Recent data indicates that today’s investors are smarter and not as likely to make ill-timed moves. According to the latest “Mind the Gap” report from Morningstar, the gap for U.S. stock funds was a positive 0.29% per year from 2010-2019. That turnaround came after a negative 0.36% per year in the 10-year period ending in 2015. Investors are learning from experience, as well as taking advantage of a long bull market, the article maintains.
The recent bear market was a chance to see how those investors would fare during a market drop, and early data suggests that most of them stayed the course. In fact, those that did move money around probably bought low and sold high, not the other way around. According to a recent report from Vanguard Group, only 5% of their self-directed investors and 17% of their retail households traded between February and May 2020—and less than 0.5% of investors moved to all cash in a panic.

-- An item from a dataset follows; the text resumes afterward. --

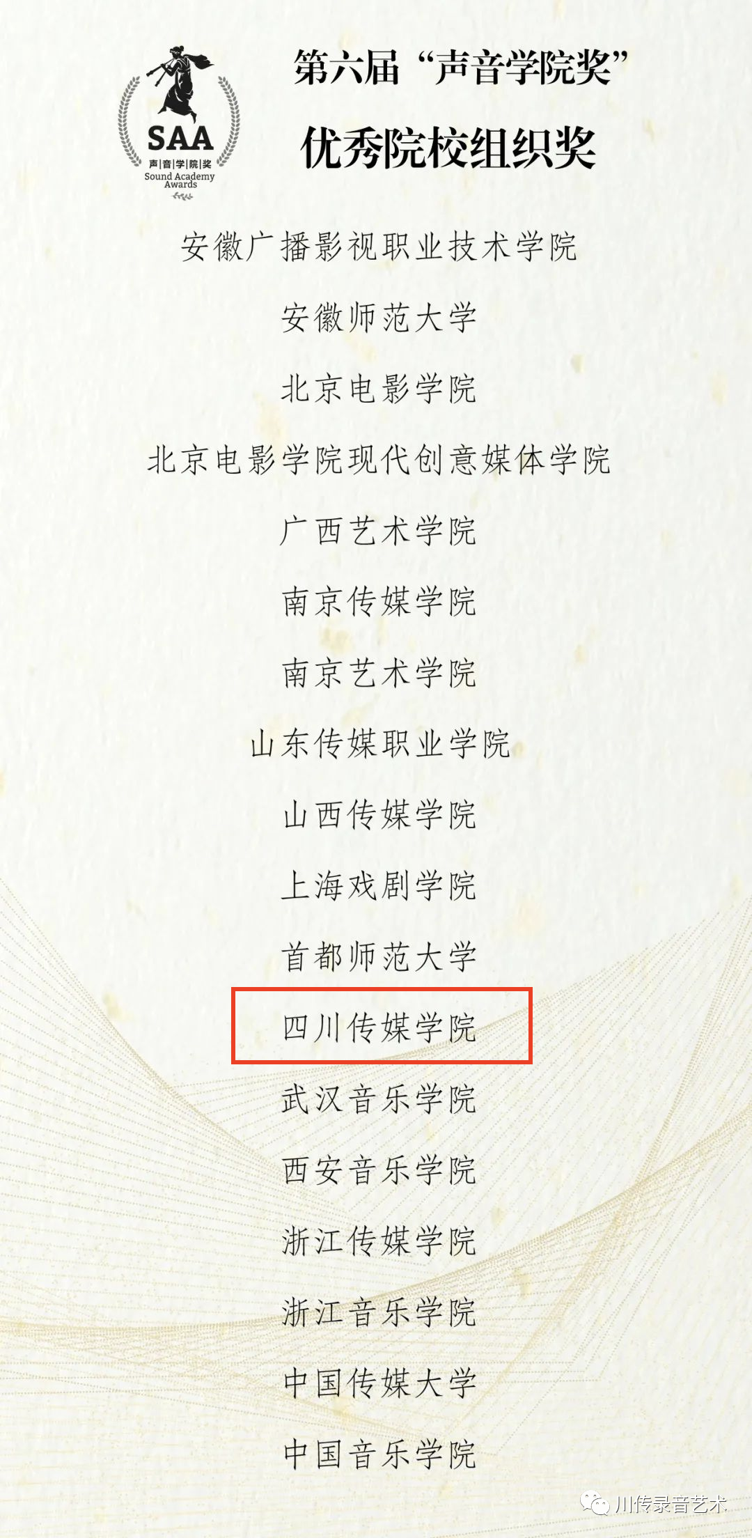 喜报|录音艺术系师生荣获国家一级学会奖——中国电影电视技术学会第六届“声音学院奖”奖项

DIY-minded investors should be confident, Kaissar writes, positing that a well-diversified portfolio only needs two low-cost ETFs: a global stock fund and a U.S. bond fund. And those ETFs can be purchased without a commission on most trading apps. Strike a balance between stocks and bonds by determining how much risk you want to take on a scale from 1 to 10. Then, multiply that number by 10 and you’ve got your stock allocation.
Of course, there are always good reasons to hire a money manager, from personalized advice to having a wise voice talk you out of selling when the markets dip. But, Kaissar concludes, there’s never been a better time to be a DIY investor.